$30
CSE4/587 Data-intensive Computing
FINAL PROJECT: COMMUNICATING THE RESULTS OF DATA ANALYTICS:
OVERVIEW:
The hands-on practical learning components of the course comprises two types of activities: labs covering
one or two knowledge units (skills, competencies) of data-intensive computing and a single term project
serving as a capstone covering the entire data pipeline. In the first half of the course we learned data
analytics and quantitative reasoning using R language. In the second half we focused on big data
approaches for data analytics with Hadoop MapReduce and Apache Spark. The finale or final project is a
data analytics showcase that provides an interactive dashboard for communicating the results of a data
problem that you already analyzed or a new data problem that you will analyze for this project.
In Lab1 we wrote a data client and very simple information server. In Lab2 we worked on data cleaning
and data munging. In lab (Lab 3) we applied machine learning algorithms and statistical models to data
with the ultimate goal of being able to predict the outcome for a certain query or classify data according
to certain criteria. More specifically, we explored algorithms discussed in Chapter 3 of Doing Data Science
textbook [1]: linear regression, k-nearest neighbors, k-means. In lab4, we are exploring approaches that
deal with big data, especially text data, using the Google’s MapReduce algorithm. In Lab 5 we will explore
processing graph data using Spark. This final project will capture all these aspects in a dashboard, plus
interaction for assessing some “what if” scenarios. It will build the “data product” step in the data science
process described in [1].
GOALS:
Major goals of the lab4 are to:
1. Identify a problem with multi-variate data and different forms analysis resulting in charts.

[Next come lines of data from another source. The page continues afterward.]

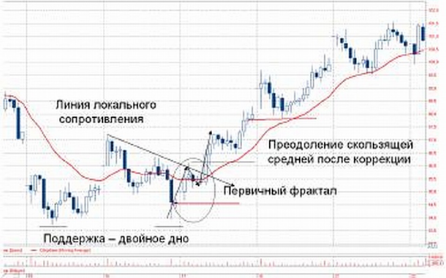 – наличие формации поддержки (двойное дно, тройное дно, окруженный минимум, ложный пробой вниз перекупленного минимума).
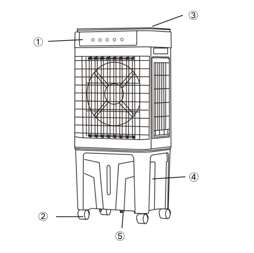 Note: When cleaning the air cooler, the device must be turned off and unplugged. Don’t put any part of the control panel into water.
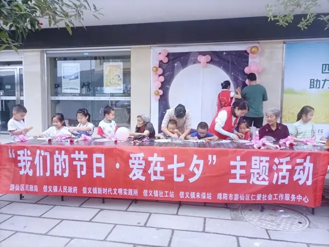 为弘扬中华传统文化,充分挖掘“七夕”文化内涵,树立辖区内广大群众正确的爱情观、婚姻观、家庭观,促进家庭和睦、社会和谐,2023年8月21日,信义镇社工站社工携手爱心志愿者在信义辖区内开展了一场“我们的节日·爱在七夕”主题活动,辖区内近50名群众参与了此次活动。
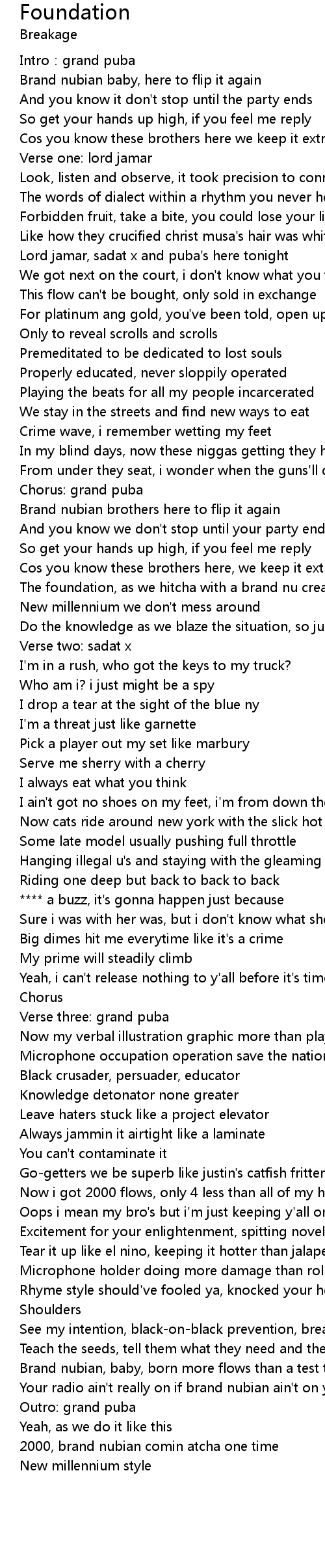 | Your radio ain' t really on if brand nubian ain' t on your dial | |
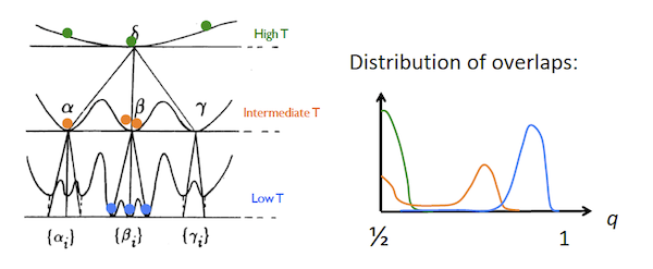 - As the temperature is reduced below the critical value, we see the formation of multiple pure states and there is split of the of overlap distribution into a bi-modal shape (orange curve). Configurations can be in the same pure state in which case they have a high overlap value $q_1$, or they can be in different pure states, in which vase the overlap tends to be smaller at $q_0$.

2. Discover patterns by analyzing the data.
3. Design a dashboard with multiple charts that offer insights into the data.
4. Build a data product by adding interaction to the charts to allow a user to understand the
behavior of the data by changing values of parameters.
5. Write and publish a report that describes the dashboard that you created.
OBJECTIVES:
The lab goals will be accomplished through these specific objectives based on this Tableau book [2, 3].
1. Knowing the goals of analysis, the target audience
2. Using the right data
3. Selecting the suitable visualizations
4. Designing for interaction
2
5. Deciding the medium (RShiny [4, 5, 6], d3,js [7, 8] etc) and channel (web, app, mobile etc.)
LAB DESCRIPTION:
Introduction: In this age of analytics, data science process plays a critical role for many organizations.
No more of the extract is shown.